### Your assignment:
Beginning with the line that contains "Kordon privatnog obezbjeđenja", retype the entries below exactly, ending with the line that contains "He had a piece". Leave out any pictures.

### Stored items from a collection:
__________________________________________________
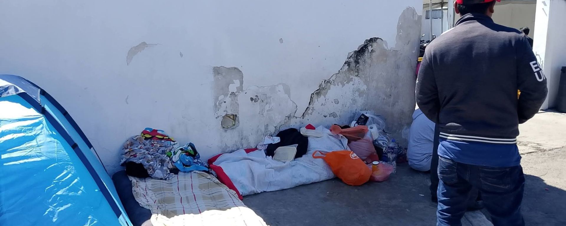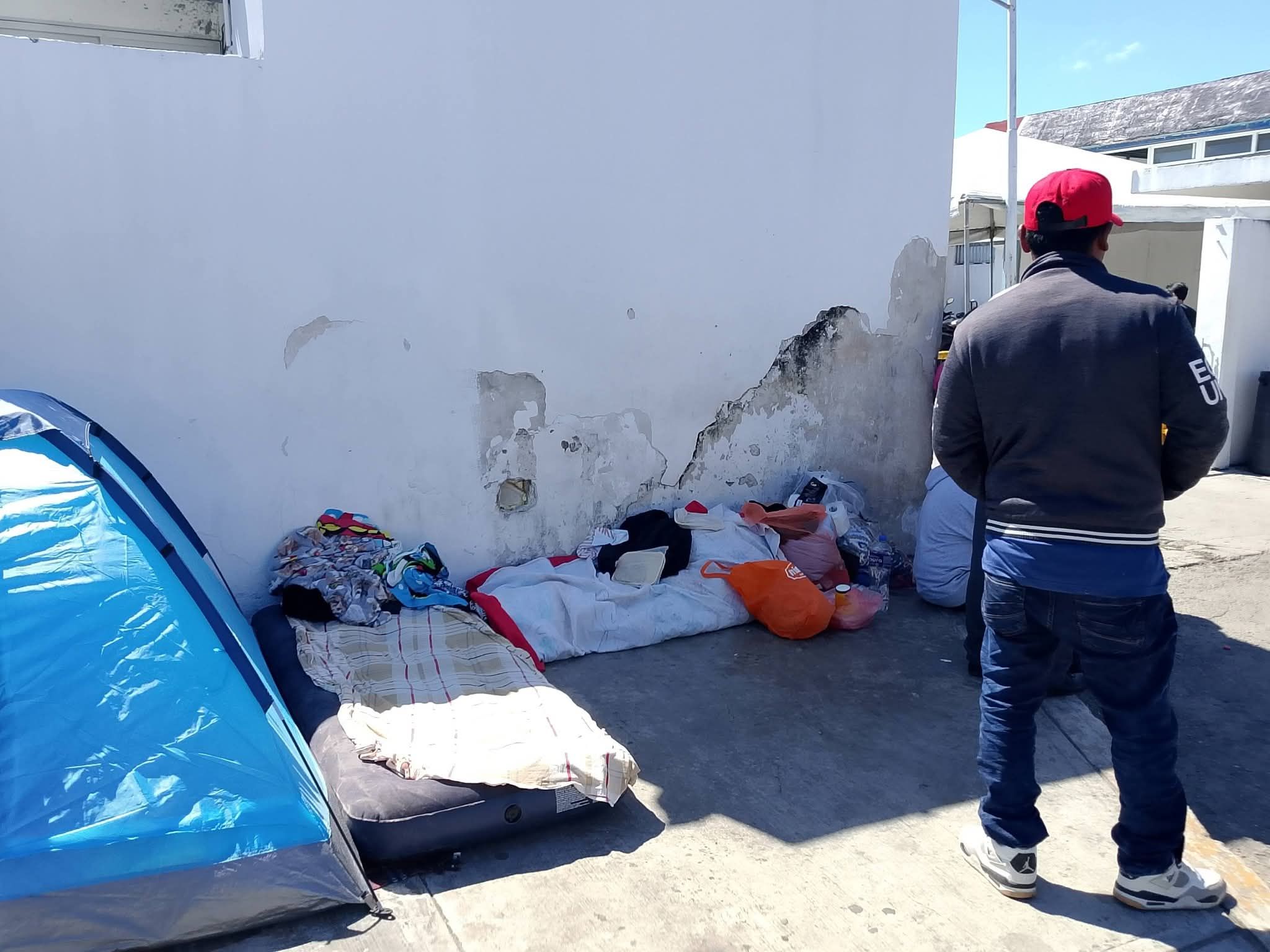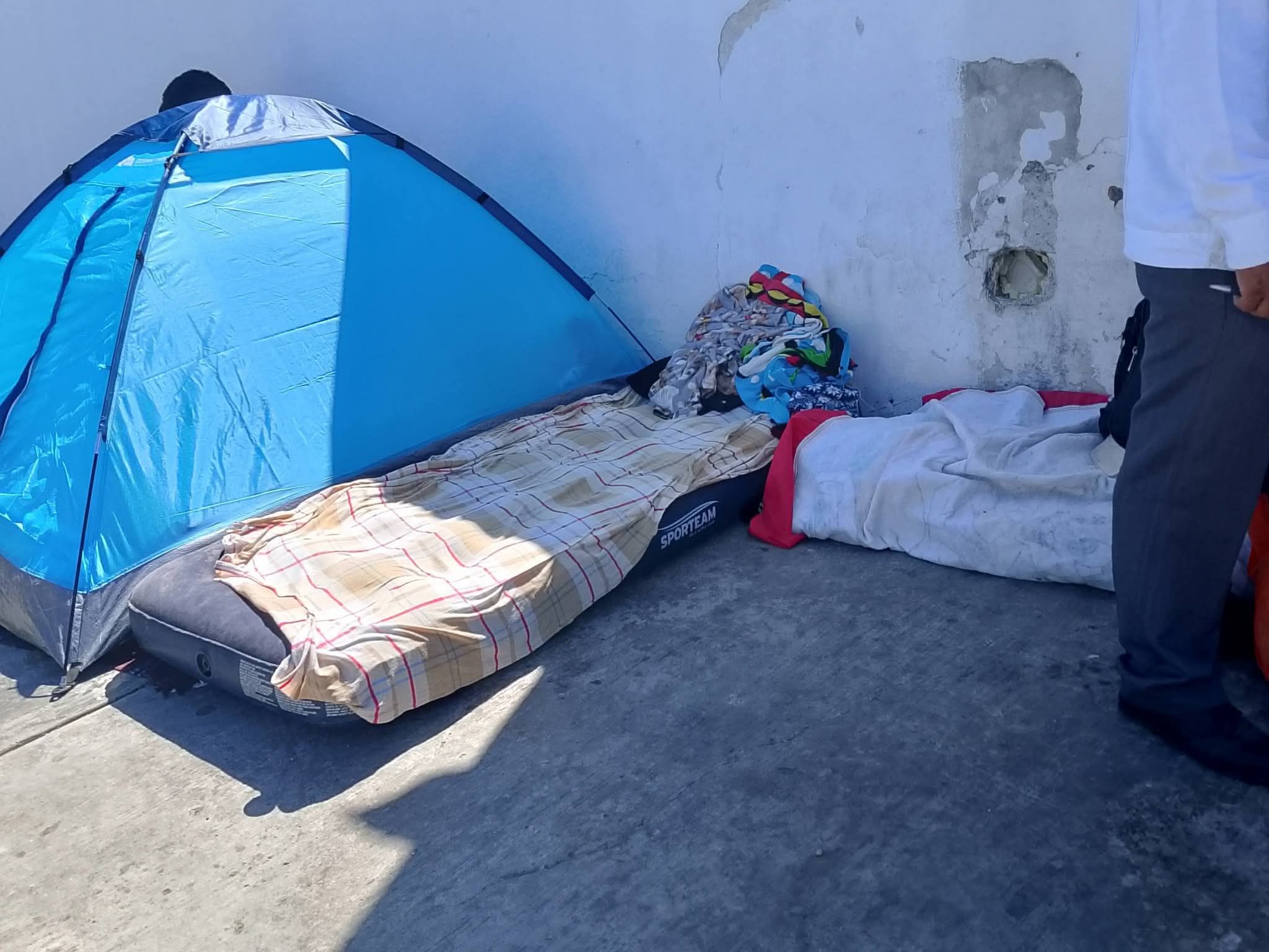 Lo que debería ser un proceso de acompañamiento médico se ha convertido en una prueba de supervivencia extrema. Las imágenes en el lugar hablan por sí solas: una pequeña tienda de campaña azul y una colchoneta sobre el concreto son el único refugio para una madre que se niega a separarse de su hija.
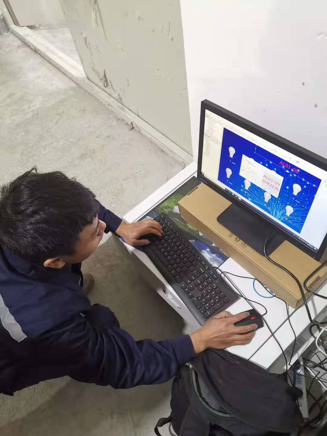 VSU智能照明控制系統(tǒng)可實現(xiàn)對區(qū)域內(nèi)所有燈具開閉,調(diào)光調(diào)色,定時控制,空調(diào)高中低三檔、電動門、電動窗簾開閉,可帶人感、光感,實現(xiàn)全自動化??刂品绞娇蛇x擇手機、電腦、觸摸屏、面板。根據(jù)客戶需求,VSU為安康江南再生水廠該項目設(shè)計的控制方式為電腦+觸摸屏。下圖為現(xiàn)場測試情況:
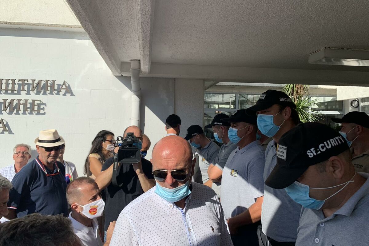 Kordon privatnog obezbjeđenja i jutros je u Budvi spriječio čelnike Demokratskog fronta i Demokrata Marka Carevića i Mijomira Pejovića da sa odbornicima te dvije partije uđu u skupštinsku službu. Carević je ponovo insistirao da mu se dostavi papir kojim se ne dizvoljava ulazak odbornika i funkcionera na radna mjesta.
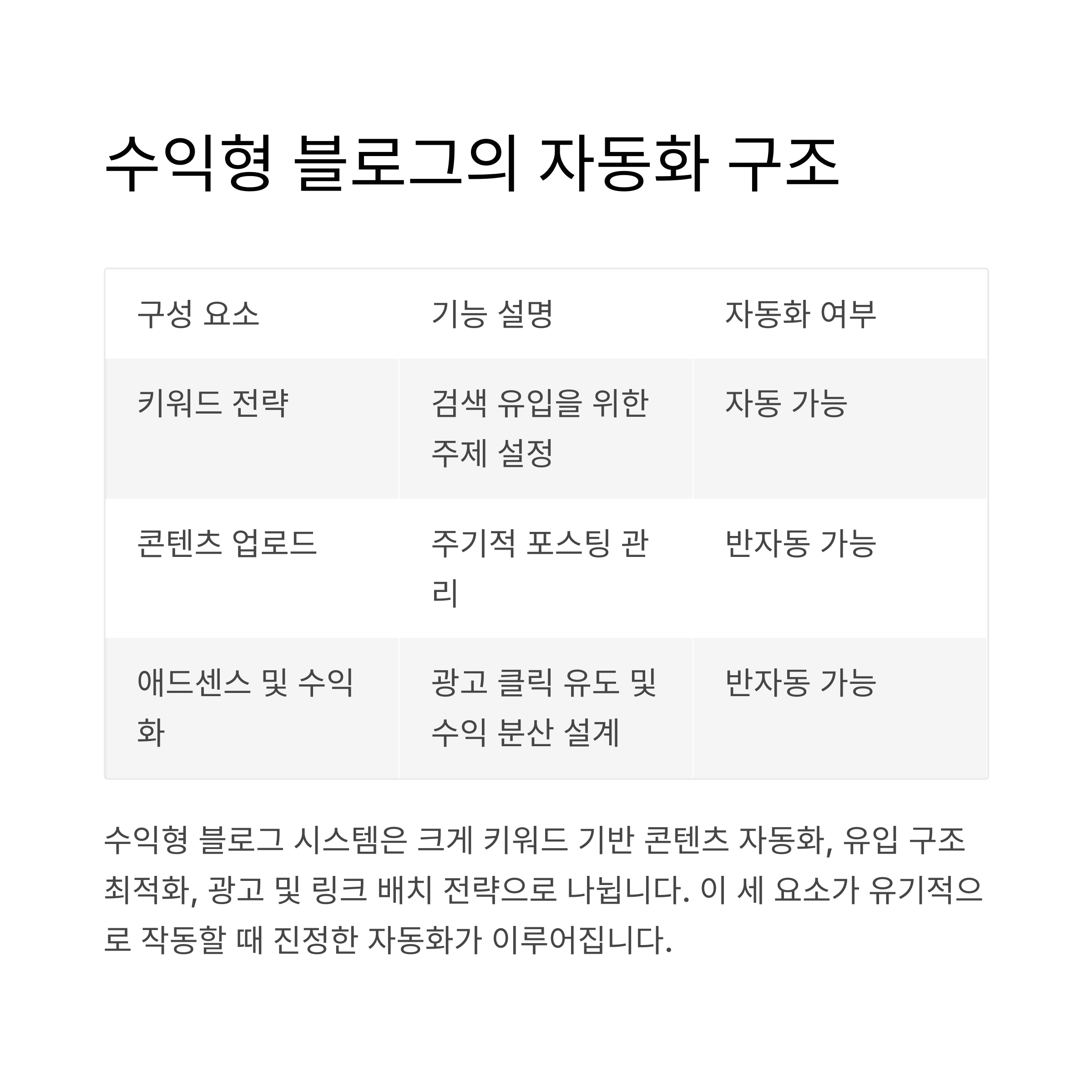 아래 표는 블로그 자동화의 핵심 3요소를 정리한 것입니다
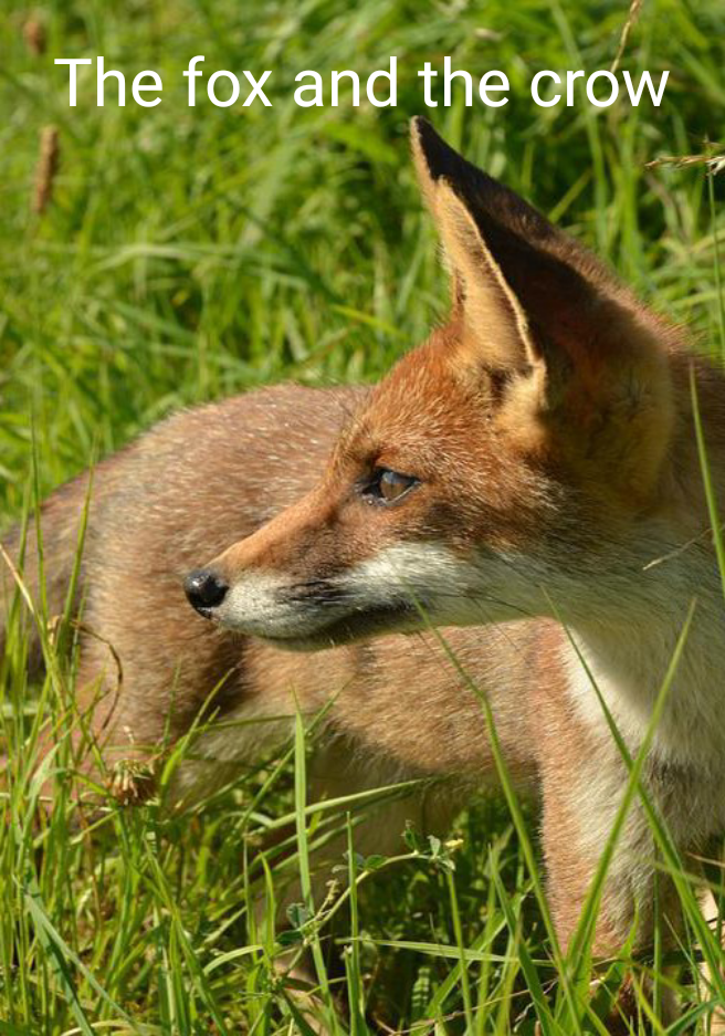 He had a piece of meat. A hungry fox cam there. His mouth watered when he saw the piece of meat. He thought of a plan to get it. He praised the voice of the crow. The fox said him to sing a song. When the crow opened his mouth to sing. The piece of meat fell down. The fox ate it and went away.
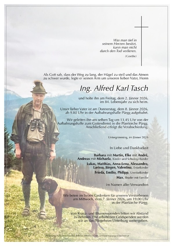 Aufbahrung am Donnerstag, dem 8.1.2026 ab 9 Uhr in der Aufbahrungshalle Pürgg. Verabschiedung am selben Tag um 13.45 Uhr in Pürgg.
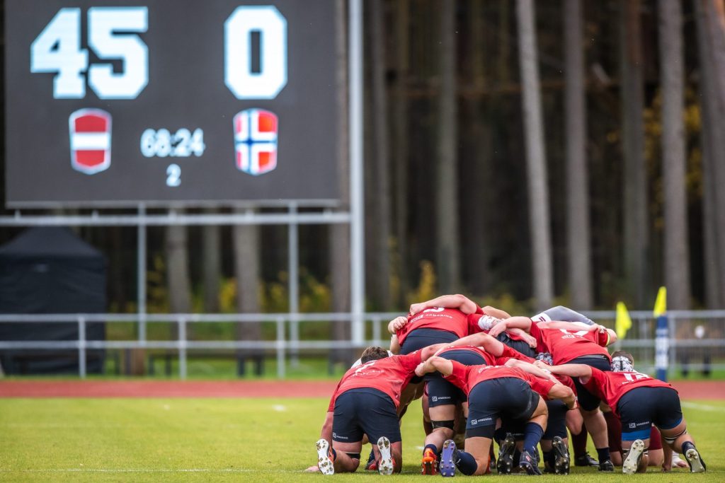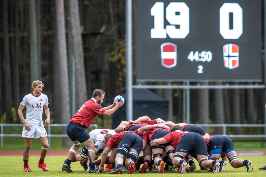 Latvijas regbija XV izlase sestdien, 1. novembrī, Valmierā “Rugby Europe” Konferences divīzijas otrajā spēlē pārliecinoši ar 59-7 (19-0) pieveica Norvēģiju, tiekot pie pirmās uzvaras šajā ciklā.
__________________________________________________
### Task solution:
 Kordon privatnog obezbjeđenja i jutros je u Budvi spriječio čelnike Demokratskog fronta i Demokrata Marka Carevića i Mijomira Pejovića da sa odbornicima te dvije partije uđu u skupštinsku službu. Carević je ponovo insistirao da mu se dostavi papir kojim se ne dizvoljava ulazak odbornika i funkcionera na radna mjesta.
 아래 표는 블로그 자동화의 핵심 3요소를 정리한 것입니다
 He had a piece of meat. A hungry fox cam there. His mouth watered when he saw the piece of meat. He thought of a plan to get it. He praised the voice of the crow. The fox said him to sing a song. When the crow opened his mouth to sing. The piece of meat fell down. The fox ate it and went away.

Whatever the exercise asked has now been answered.